§ **SUPPLIED MATERIAL**:
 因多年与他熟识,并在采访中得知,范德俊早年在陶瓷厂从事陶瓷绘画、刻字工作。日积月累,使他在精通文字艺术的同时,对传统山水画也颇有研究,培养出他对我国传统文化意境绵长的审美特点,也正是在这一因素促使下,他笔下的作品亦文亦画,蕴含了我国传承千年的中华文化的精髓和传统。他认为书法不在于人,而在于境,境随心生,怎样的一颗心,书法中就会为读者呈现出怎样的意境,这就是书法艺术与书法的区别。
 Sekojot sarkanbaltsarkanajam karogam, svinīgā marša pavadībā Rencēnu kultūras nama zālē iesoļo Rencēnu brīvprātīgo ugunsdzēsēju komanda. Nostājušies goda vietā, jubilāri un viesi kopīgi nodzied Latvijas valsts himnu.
---
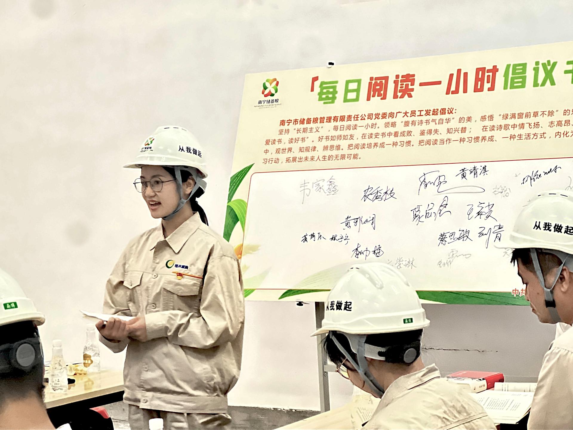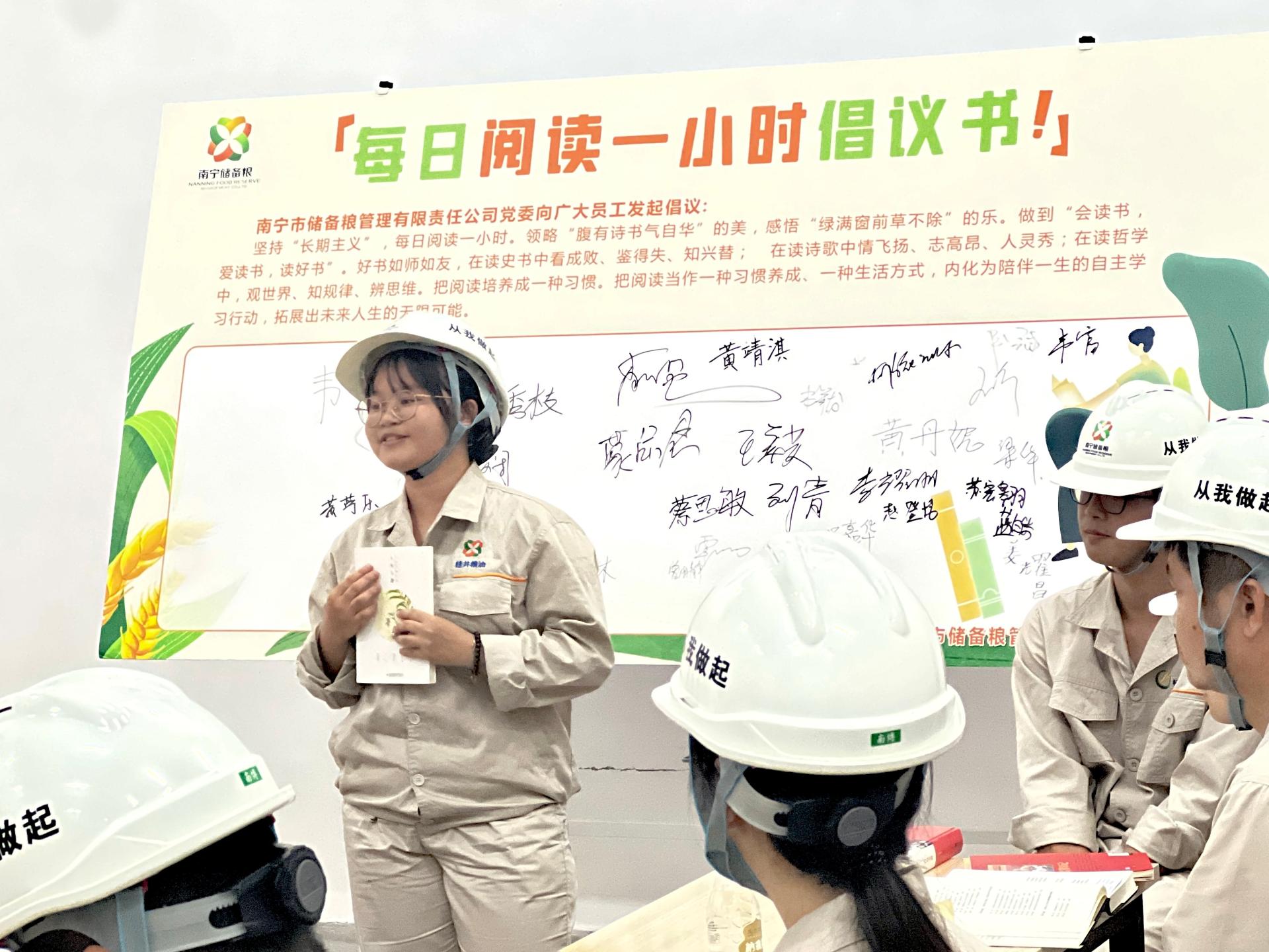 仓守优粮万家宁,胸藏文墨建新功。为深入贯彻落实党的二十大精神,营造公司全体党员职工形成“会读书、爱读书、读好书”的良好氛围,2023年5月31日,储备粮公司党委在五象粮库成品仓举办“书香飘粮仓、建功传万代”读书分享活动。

§ **EXERCISE DETAILS**: Only one stretch of the entries above is wanted: the lines from the one containing "因多年与他熟识,并在采访中得" through the one containing "Sekojot sarkanbaltsarkanajam karogam, svinīgā". Please reproduce it exactly.

§ **RESPONSE**:
 因多年与他熟识,并在采访中得知,范德俊早年在陶瓷厂从事陶瓷绘画、刻字工作。日积月累,使他在精通文字艺术的同时,对传统山水画也颇有研究,培养出他对我国传统文化意境绵长的审美特点,也正是在这一因素促使下,他笔下的作品亦文亦画,蕴含了我国传承千年的中华文化的精髓和传统。他认为书法不在于人,而在于境,境随心生,怎样的一颗心,书法中就会为读者呈现出怎样的意境,这就是书法艺术与书法的区别。
 Sekojot sarkanbaltsarkanajam karogam, svinīgā marša pavadībā Rencēnu kultūras nama zālē iesoļo Rencēnu brīvprātīgo ugunsdzēsēju komanda. Nostājušies goda vietā, jubilāri un viesi kopīgi nodzied Latvijas valsts himnu.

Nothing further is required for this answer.